In this week's newsletter, we provide a snapshot of the principal U.S., European and global financial regulatory developments of interest to banks, investment firms, broker-dealers, market infrastructure providers, asset managers and corporates.

Bank Prudential Regulation & Regulatory Capital

US Office of the Comptroller of the Currency Announces Technical Amendments to Stress Testing Regulation

On February 23, 2018, the U.S. Office of the Comptroller of the Currency issued a final rule that makes certain technical amendments to its annual stress testing regulation. The stress testing regulation provides that the OCC may require an institution to include trading and counterparty components in its adverse and severely adverse scenarios if the institution has significant trading activities. Under the final rule, the date range of this position data has been expanded from between January 1 and March 1 of the current calendar

year to between October 1 of the preceding calendar year and March 1 of the current calendar year. The final rule notes that this will provide the OCC with greater flexibility in establishing an appropriate as-of date and that the U.S. Board of Governors of the Federal Reserve System has made a similar change to its corresponding regulations. The final rule also amends and clarifies the transition period for institutions that meet the $50 billion asset threshold, which subjects the institution to different stress testing requirements.

Under the final rule, if an institution crosses the $50 billion threshold in the fourth quarter of a calendar year, it will not be subject to the supervisory stress testing requirement until the third calendar year after it crossed the threshold. Otherwise, institutions become subject to the over $50 billion stress testing requirements two calendar years after crossing the threshold. The final rule also makes definitional and other technical changes. The final rule will become effective 30 days from its publication in the Federal Register.

The full text of the final rule is available at: https://www.occ.treas.gov/news-issuances/news-releases/2018/nr-occ-2018-20a.pdf.

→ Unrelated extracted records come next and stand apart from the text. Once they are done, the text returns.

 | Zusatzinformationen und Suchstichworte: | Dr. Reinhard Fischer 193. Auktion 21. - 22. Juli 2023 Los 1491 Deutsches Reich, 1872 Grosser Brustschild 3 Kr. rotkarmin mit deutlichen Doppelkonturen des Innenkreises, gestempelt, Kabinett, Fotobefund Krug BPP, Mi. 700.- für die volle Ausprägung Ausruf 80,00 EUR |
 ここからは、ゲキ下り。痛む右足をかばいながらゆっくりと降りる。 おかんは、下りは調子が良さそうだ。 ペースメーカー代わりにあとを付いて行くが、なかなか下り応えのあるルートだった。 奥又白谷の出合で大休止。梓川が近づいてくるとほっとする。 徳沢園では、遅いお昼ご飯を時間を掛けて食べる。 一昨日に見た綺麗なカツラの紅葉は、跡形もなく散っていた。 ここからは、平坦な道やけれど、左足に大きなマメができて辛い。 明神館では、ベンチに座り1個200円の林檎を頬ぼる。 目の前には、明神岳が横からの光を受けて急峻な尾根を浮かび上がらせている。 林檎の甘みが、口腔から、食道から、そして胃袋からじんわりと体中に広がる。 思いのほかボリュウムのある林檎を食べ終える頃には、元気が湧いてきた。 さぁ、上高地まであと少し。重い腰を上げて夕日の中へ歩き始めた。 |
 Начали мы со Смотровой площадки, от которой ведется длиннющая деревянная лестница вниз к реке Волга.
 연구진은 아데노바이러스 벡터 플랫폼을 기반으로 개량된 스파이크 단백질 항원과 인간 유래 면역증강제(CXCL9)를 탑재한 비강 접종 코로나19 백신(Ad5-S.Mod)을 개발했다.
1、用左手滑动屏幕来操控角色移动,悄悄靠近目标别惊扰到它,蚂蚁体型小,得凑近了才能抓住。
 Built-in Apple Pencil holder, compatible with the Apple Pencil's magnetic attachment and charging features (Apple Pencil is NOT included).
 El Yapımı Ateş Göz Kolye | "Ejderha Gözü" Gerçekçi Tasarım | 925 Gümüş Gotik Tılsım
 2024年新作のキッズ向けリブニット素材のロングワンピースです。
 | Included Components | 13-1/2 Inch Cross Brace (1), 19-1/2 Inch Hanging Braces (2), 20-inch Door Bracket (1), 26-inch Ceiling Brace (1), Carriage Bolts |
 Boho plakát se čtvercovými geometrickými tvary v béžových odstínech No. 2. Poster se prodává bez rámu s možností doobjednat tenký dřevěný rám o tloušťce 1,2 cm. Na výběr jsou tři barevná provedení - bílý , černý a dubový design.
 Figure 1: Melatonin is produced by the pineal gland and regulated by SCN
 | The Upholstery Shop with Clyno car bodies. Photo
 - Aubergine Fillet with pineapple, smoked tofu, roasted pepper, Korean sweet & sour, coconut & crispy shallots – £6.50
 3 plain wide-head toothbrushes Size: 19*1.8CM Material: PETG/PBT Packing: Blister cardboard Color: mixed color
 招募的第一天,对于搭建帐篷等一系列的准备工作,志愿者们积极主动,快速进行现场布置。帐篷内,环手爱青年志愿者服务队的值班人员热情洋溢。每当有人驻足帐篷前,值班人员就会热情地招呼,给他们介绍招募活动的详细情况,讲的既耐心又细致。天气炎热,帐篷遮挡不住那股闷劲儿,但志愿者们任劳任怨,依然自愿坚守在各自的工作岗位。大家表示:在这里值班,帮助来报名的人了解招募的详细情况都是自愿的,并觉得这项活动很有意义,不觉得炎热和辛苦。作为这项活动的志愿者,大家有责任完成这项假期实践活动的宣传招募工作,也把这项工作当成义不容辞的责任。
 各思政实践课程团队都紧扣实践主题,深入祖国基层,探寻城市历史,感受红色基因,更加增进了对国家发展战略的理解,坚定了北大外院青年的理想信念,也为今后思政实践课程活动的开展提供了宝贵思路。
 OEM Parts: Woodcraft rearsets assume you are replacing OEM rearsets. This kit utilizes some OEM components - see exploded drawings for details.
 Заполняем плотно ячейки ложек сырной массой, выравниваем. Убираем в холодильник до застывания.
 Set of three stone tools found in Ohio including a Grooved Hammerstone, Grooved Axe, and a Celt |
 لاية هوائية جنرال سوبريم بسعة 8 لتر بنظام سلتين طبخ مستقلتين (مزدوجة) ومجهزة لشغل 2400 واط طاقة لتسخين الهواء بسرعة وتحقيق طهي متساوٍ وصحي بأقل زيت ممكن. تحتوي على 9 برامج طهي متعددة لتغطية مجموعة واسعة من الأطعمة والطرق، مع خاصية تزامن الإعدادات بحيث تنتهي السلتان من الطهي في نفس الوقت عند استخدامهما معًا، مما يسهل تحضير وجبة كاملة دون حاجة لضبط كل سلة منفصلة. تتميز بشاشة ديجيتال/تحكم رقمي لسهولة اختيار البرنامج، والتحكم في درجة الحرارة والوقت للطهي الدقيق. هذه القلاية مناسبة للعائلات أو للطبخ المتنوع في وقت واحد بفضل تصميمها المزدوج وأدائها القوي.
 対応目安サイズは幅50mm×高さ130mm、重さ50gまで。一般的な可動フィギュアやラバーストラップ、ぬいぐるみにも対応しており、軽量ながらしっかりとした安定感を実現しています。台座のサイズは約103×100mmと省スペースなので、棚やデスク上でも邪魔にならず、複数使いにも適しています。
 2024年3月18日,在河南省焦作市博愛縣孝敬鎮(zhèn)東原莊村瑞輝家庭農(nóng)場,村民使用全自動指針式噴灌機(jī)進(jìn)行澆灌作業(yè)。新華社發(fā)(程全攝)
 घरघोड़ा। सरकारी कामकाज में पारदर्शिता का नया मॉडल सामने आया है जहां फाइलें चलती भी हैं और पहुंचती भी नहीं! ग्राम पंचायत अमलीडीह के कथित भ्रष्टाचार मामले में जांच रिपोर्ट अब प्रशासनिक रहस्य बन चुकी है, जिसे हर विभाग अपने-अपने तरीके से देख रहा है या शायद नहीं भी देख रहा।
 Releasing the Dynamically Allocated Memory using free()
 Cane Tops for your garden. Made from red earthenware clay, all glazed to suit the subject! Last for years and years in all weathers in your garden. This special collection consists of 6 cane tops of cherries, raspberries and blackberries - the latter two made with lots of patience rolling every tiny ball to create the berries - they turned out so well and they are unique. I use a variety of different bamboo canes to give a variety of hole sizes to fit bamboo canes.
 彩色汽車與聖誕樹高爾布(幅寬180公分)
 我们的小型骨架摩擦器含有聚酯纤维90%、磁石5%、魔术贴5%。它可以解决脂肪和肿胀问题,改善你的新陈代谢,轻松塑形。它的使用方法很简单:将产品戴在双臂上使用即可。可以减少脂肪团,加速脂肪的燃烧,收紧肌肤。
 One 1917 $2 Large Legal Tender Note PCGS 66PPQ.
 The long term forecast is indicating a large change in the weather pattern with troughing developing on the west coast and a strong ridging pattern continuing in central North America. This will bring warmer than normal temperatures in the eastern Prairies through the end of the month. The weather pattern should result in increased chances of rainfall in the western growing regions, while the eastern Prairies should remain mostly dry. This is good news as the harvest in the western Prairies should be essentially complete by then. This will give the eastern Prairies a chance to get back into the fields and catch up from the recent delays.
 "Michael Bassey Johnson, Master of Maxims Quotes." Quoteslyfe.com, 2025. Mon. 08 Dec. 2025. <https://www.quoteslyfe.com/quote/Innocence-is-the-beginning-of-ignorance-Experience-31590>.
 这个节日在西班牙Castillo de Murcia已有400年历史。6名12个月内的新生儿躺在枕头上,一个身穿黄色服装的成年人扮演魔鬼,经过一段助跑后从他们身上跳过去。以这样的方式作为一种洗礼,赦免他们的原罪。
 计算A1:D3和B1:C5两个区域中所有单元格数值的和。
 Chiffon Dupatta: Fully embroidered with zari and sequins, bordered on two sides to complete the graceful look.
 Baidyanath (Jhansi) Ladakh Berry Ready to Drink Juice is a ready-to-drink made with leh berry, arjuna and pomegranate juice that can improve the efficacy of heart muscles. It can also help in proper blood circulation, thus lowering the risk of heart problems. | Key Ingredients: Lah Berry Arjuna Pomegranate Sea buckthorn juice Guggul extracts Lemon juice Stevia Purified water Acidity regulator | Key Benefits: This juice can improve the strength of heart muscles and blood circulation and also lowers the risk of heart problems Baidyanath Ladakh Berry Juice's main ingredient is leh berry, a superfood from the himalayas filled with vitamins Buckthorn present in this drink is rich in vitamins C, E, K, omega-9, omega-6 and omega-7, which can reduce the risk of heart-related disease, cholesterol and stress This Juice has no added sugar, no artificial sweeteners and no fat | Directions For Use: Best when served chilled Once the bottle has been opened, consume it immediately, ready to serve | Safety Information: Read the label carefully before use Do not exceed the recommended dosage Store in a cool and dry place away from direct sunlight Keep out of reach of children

US Federal Deposit Insurance Corporation Issues Final Rule Amending International Banking Regulations

On February 14, 2018, the Federal Deposit Insurance Corporation adopted amendments to its international banking regulations that primarily impact the asset pledge requirements applicable to FDIC-insured branch offices of non-U.S. banks (of which there are only 10) as well as certain securities-related powers of foreign branch offices of state non-member banks, which depend in part on whether the branch is transacting in investment grade securities. The amendments implement Section 939A of the Dodd-Frank Act, which generally requires the removal of reliance on credit ratings in banking (and other) regulations for determining the creditworthiness of a security or money market instrument. Under the amended regulation, an investment grade security is one "whose issuer has adequate capacity to meet all financial commitments under the security for the projected life of the exposure." This means that the risk of default by the obligor is low and that full and timely repayment of principal and interest is expected. FDIC-insured branch offices of foreign banks are required to pledge investment grade assets to the FDIC, and such assets must meet the new standard. In addition, in light of lessons learned from the financial crisis, the FDIC has added a liquidity standard and a fair value haircut requirement for pledged assets. The FDIC noted that the haircut requirement could require foreign banks that pledge a predominance of bank notes and CDs to pledge additional collateral, but that the overall impact on FDIC-insured branches is expected to be minimal.

Interestingly, the FDIC will also now permit cash to be pledged, but only if the depository institution holding the cash holds it separate from the general funds of the bank and does not commingle it with any cash or other property of the depository institution. No interest may be paid on the cash because the depository may not lend, invest or otherwise use the cash in its operations. The FDIC noted that it is reviewing pledge agreements to determine what modifications may be needed (if any) in light of the amendments.

The final rule takes effect on April 1, 2018.